Combine the flour, baking powder and salt in a separate bowl. Alternate mixing in the flour mixture and the buttermilk into the creamed mixture, until completely mixed. Distribute the batter into the cupcake liners. Bake the cupcakes, about 12 minutes.
For the peanut butter buttercream: Mix the butter on high speed for 3 minutes. Add the vanilla flavoring on low speed. Slowly add the confectioners' sugar on low speed. Mix in the peanut butter.

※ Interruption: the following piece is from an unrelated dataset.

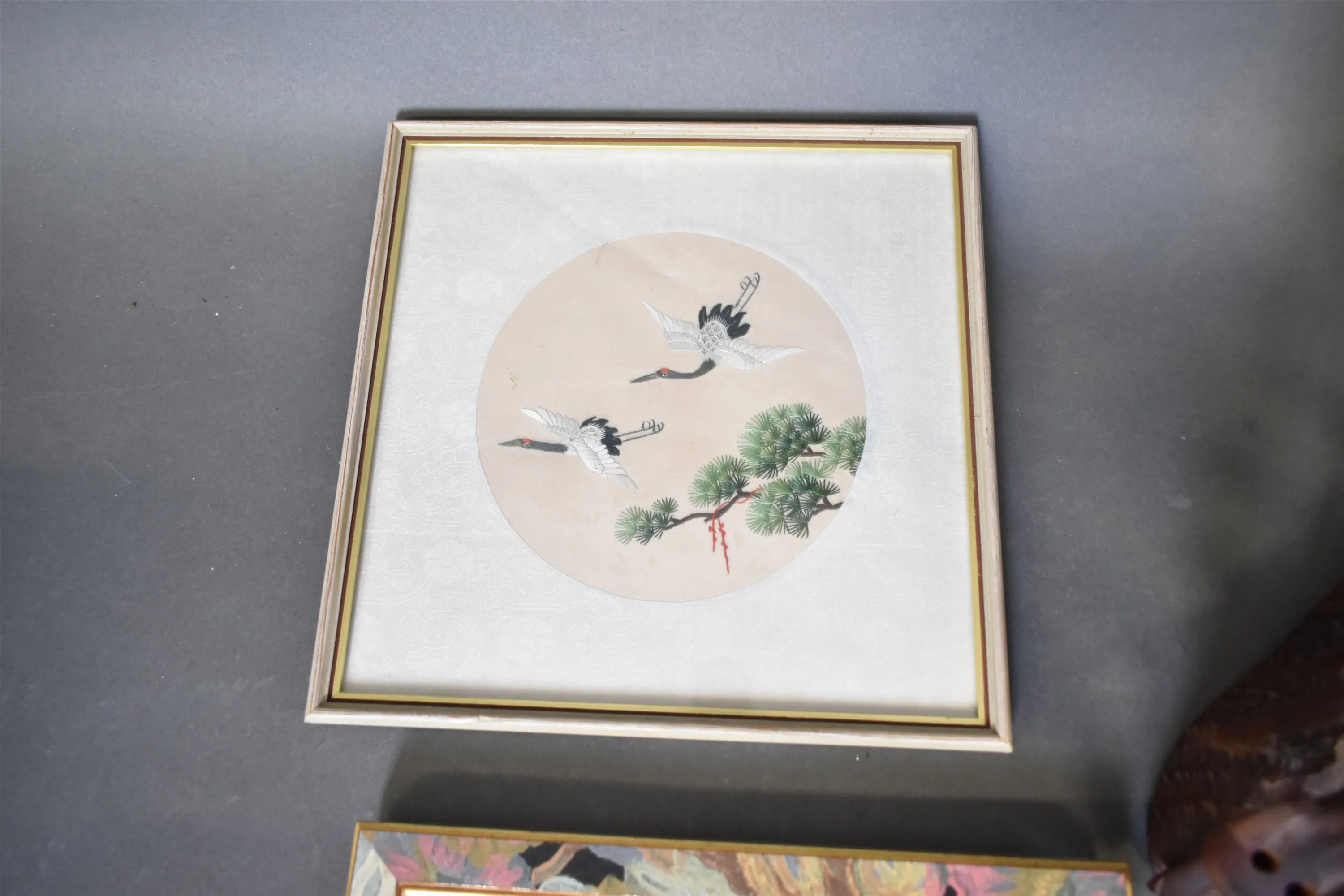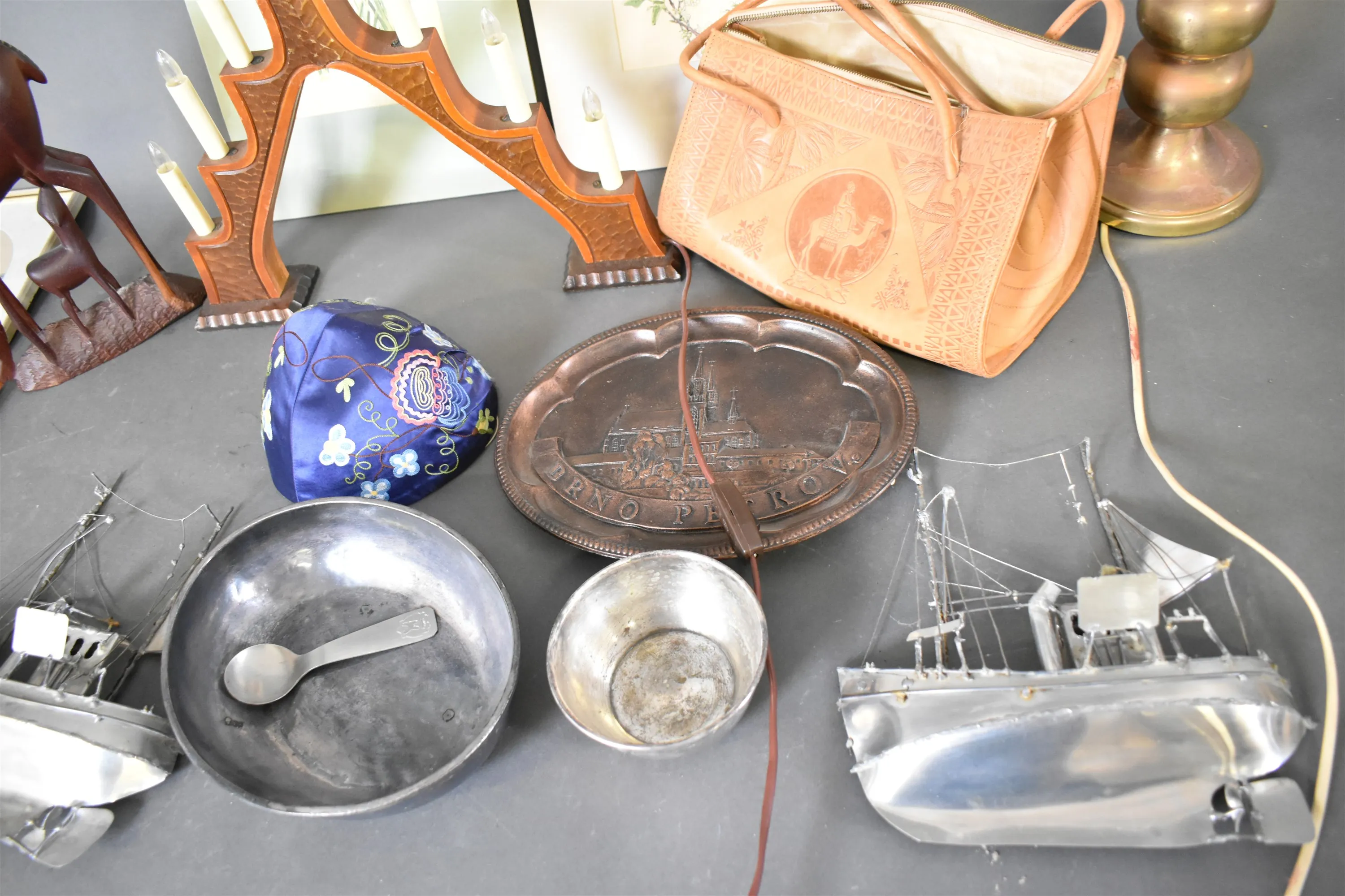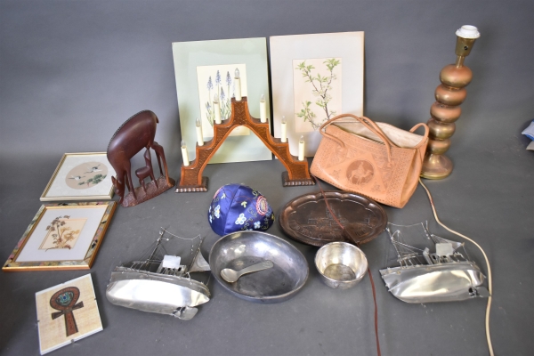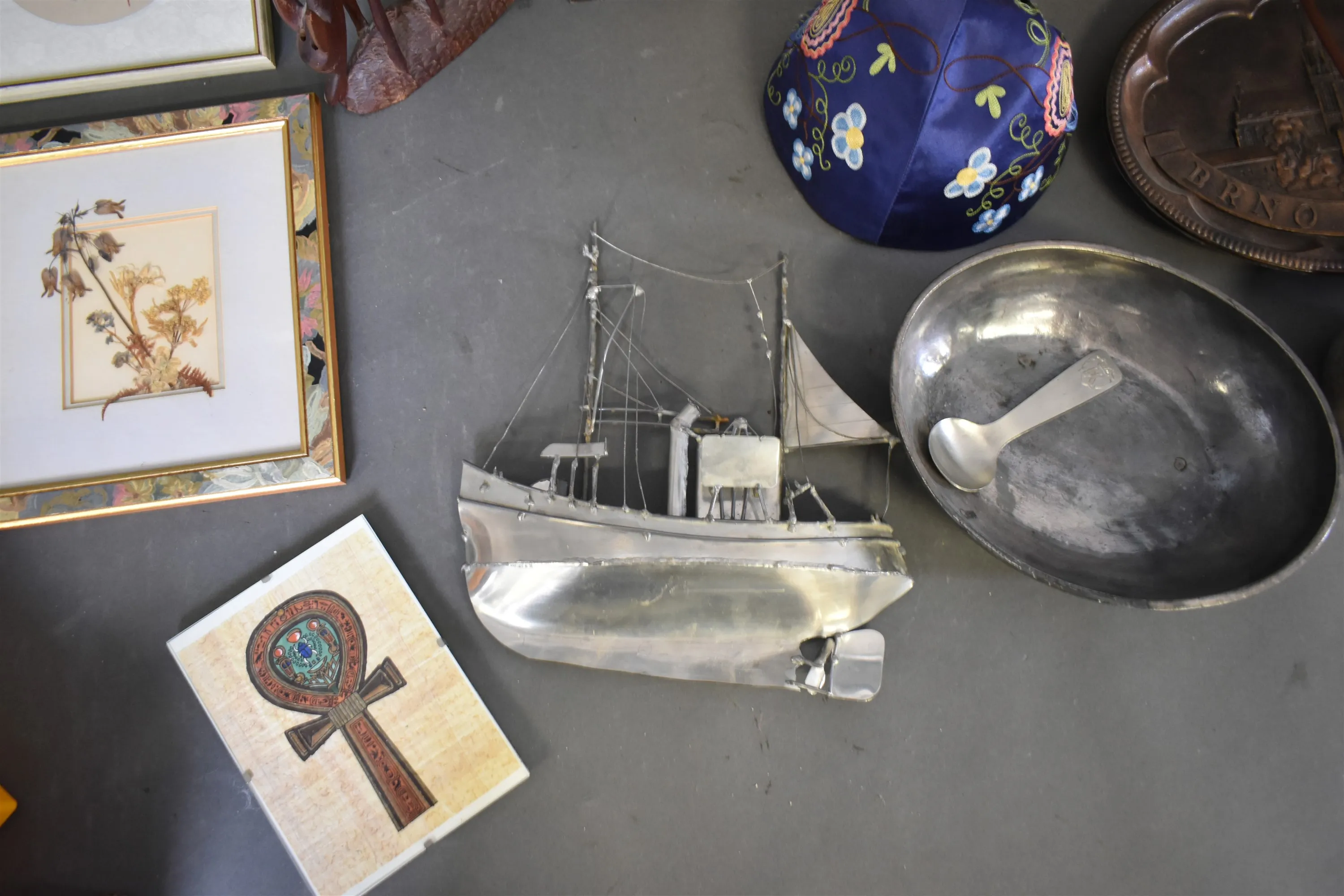 10500. Parti bl.a tavlor, träskulptur, tennbåtar Urban Ström, högsta 45 cm

Grease a microwave-safe bowl with the shortening. Add the marshmallows and microwave on high for 30 second increments. Stir the marshmallows with a spatula between the time increments. Mix in the confectioners' sugar until the consistency you desire is reached. Shape the marshmallow mixture into the desired shape using your hands.
Squirt the jelly filling into the center of each cupcake. Pipe the peanut butter buttercream in a ring onto the top of each cupcake. Fill the center of each peanut butter buttercream ring with more jelly filling. Place the chopped peanuts on the outside ring of the peanut butter buttercream. Garnish each cupcake with the marshmallow worms.